Practically, the Camino bust my backpack, it bust my boots (and I need the next larger size now LOL), it stole my phone, it stole my camera and virtually all my 2014 photos, and my Staff of 15 years good friendship has just now shivered over nearly its entire length – and yet all of these things simply bring to mind the sheer beauty of that part of the return journey on the Camino that I was able to do, how natural it felt, how proper, so that for the very first time in my career as a Pilgrim of Santiago, I’m feeling myself subjected to the very feeling that I’ve warned so many others about, of feeling “stuck”, over there, yonder on the Camino and detached from the true destination of one’s pilgrimage – Home.

Religiously, last year was a failure. It is quite clearly not insignificant that I found myself unable to perform my ordinary Catholic religious duties at the Cathedral – and I mean physically unable, not religiously – especially given that this physical difficulty has become quite annoyingly persistent on the Sundays.

Financially – LOL what a disaster !!!

Mentally, all I’m doing now is biding my time and trying to kid myself that there’s any other real possibility other than getting back to Santiago to actually complete this Pilgrimage and then to walk back from there to France.
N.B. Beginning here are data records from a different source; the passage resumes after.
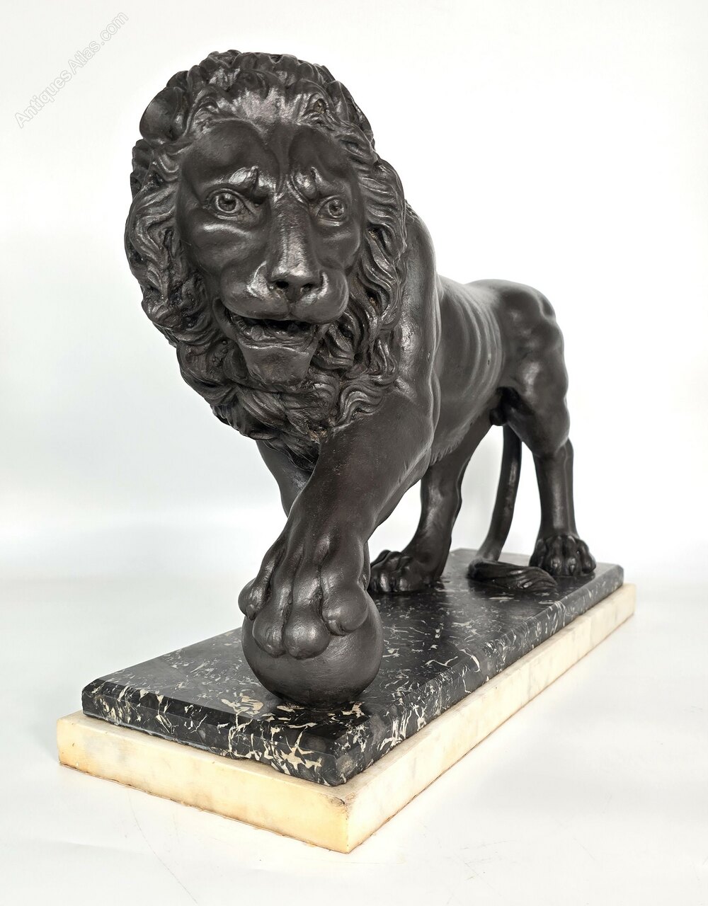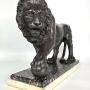 The lion is securely mounted onto a stepped white and black well figured marble plinth.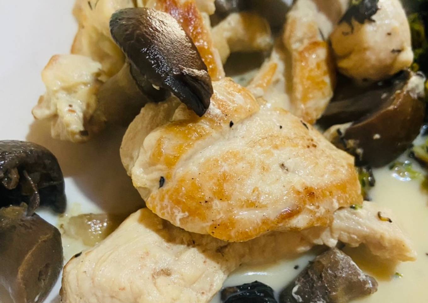 - Cuando los ingredientes anteriores estén cocinados, agregamos el vaso de leche y agua. Añadimos sal y pimienta al gusto, dejamos el pollo con champiñones a fuego medio hasta que el líquido se reduzca considerablemente y la salsa espese un poco. Y listo!!🥛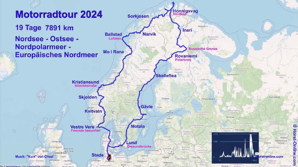 Es wird scheinbar von Jahr zu Jahr schwerer, eine gemeinsame Tour zu planen. Den einen hindern eigene körperliche Probleme oder Einschränkungen, die sich aus besonderen Umständen von nahestehenden Personen ergeben, zum Verzicht. Die Mischung aus noch arbeitenden und schon berenteten Gruppenmitgliedern und Abweichungen der „Bucket Lists“ und der persönlich geschätzten Restzeit zur Verwirklichung spielen eine immer größer werdende Rolle, die den Rahmen der gemeinsamen Möglichkeiten stecken. Wir sind mittlerweile alle im „knackigen Alter“: es knackt bei fast jeder Bewegung in irgendeinem Gelenk. Bernd P. hat Fakten geschaffen. Er wollte, genau wie ich, unbedingt zum Nordkap. Er hat schon sehr frühzeitig eine Gruppenreise gebucht. Sicherlich hat der Wunsch seiner Partnerin nach mehr Sicherheit auf einer so langen Tour eine wichtige Rolle gespielt. Ich habe nach seiner Verkündung trocken geschluckt. Die Hoffnung auf eine gemeinsame Tour hatte ich bis dahin noch nicht ganz aufgegeben. Bernd hatte es schon richtig eingeschätzt, eine Tour in einer Gruppe von über 40 Leuten, auch wenn das Fahren in „Kleingruppen“ von 9 Teilnehmern geschieht, kommt für mich nicht in Frage. Die anderen noch aktiv motorradfahrenden Gruppenmitglieder wollten nicht auf diese Tour. Wenn ich für mich noch etwas Gutes bewirken wollte, blieb nur ein Treffen mit Bernd P. am Nordkap. Da eine solche Gruppe einem festen Zeitplan folgt, war schon klar, an welchem Tag das Treffen stattfinden musste. Ursprünglich hatte ich die Tour im Uhrzeigersinn geplant, doch Willis Geburtstag wollte ich nicht verpassen. Zwischen der Feier und dem Treffen am Nordkap war die Zeitspanne zu kurz für meine Pläne. Ich drehte die Tour einfach um. Eine Motorradtour zum Nordkap stand schon so lange ich mit dem Motorrad reise ganz oben auf meiner Wunschliste. Bisher fehlte mir sowohl die Zeit als auch das nötige Kleingeld. Vor ein paar Jahren begann meine Frau mir zu meinen Geburtstagen und zu Weihnachten etwas für eine solche Tour zu schenken. Bücher von Leuten die von der Tour berichteten, einen warmen Schlafsack, eine sehr warme Weste, Kalender und irgendwann die klare Ansage: „Ich schenke Dir die Tour“: Übersetzt in der Sprache unserer Ehe ist das die Freigabe der Mittel von unserem Konto für dieses Projekt. |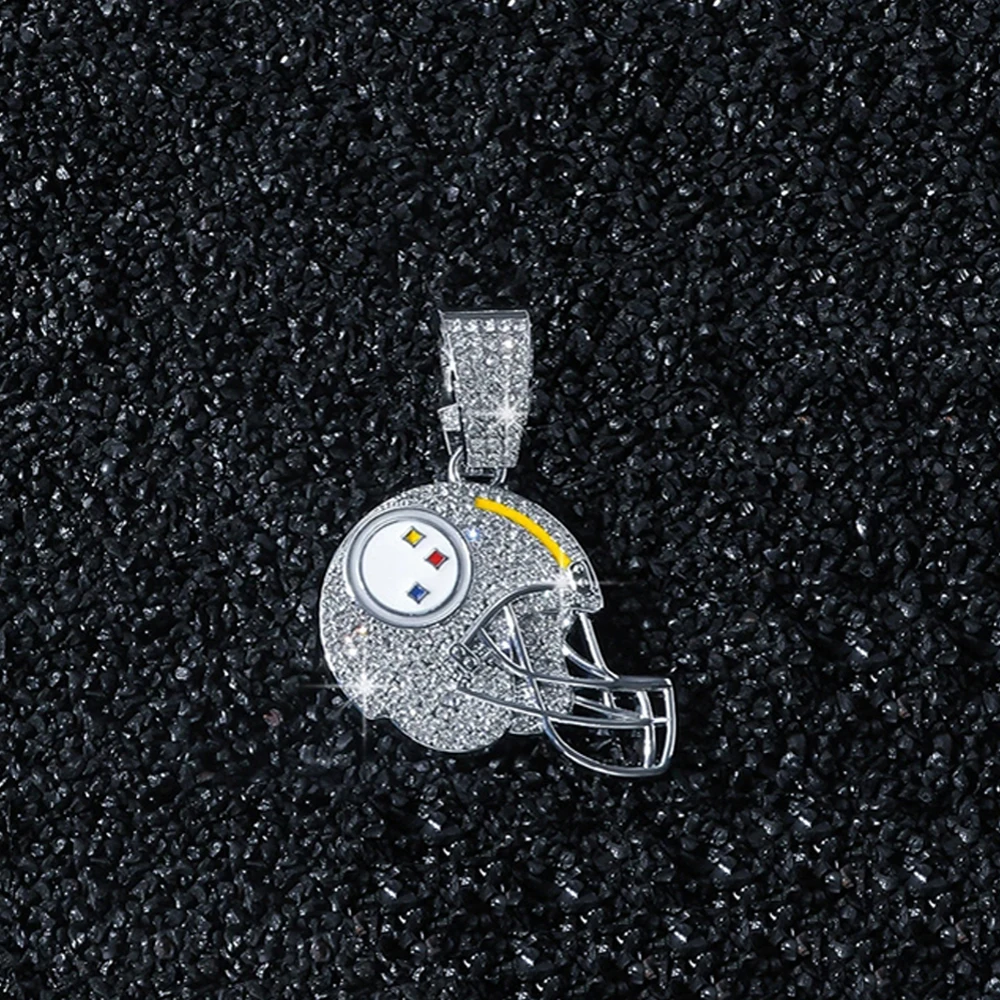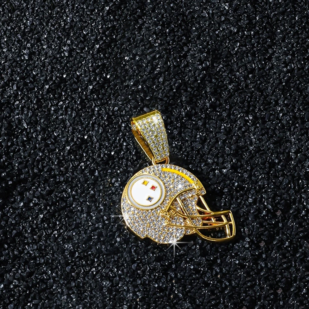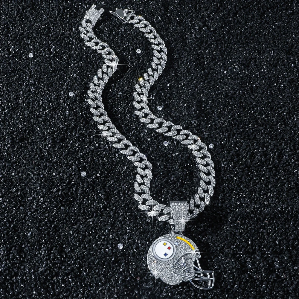 Men Women Hip Hop Rugby Helmet Pendant Necklace with 13mm Shiny Miami Cuban Chai

I feel lost – not mentally nor in fact spiritually, but geographically ; as if I’m not where I’m supposed to be, almost as if I’m living my current circumstances as a squatter instead of being where I belong – elsewhere.

I want to walk to the Pyrenees and over them, to France and home, from my favourite city in Spain, and to go and get there all that I lost, all I suffered, and bring it back with me as precious belongings so that I shall at last take them home with me in my heart and body and memory and soul.

I have lost something on the Camino – and I need to go and get it back.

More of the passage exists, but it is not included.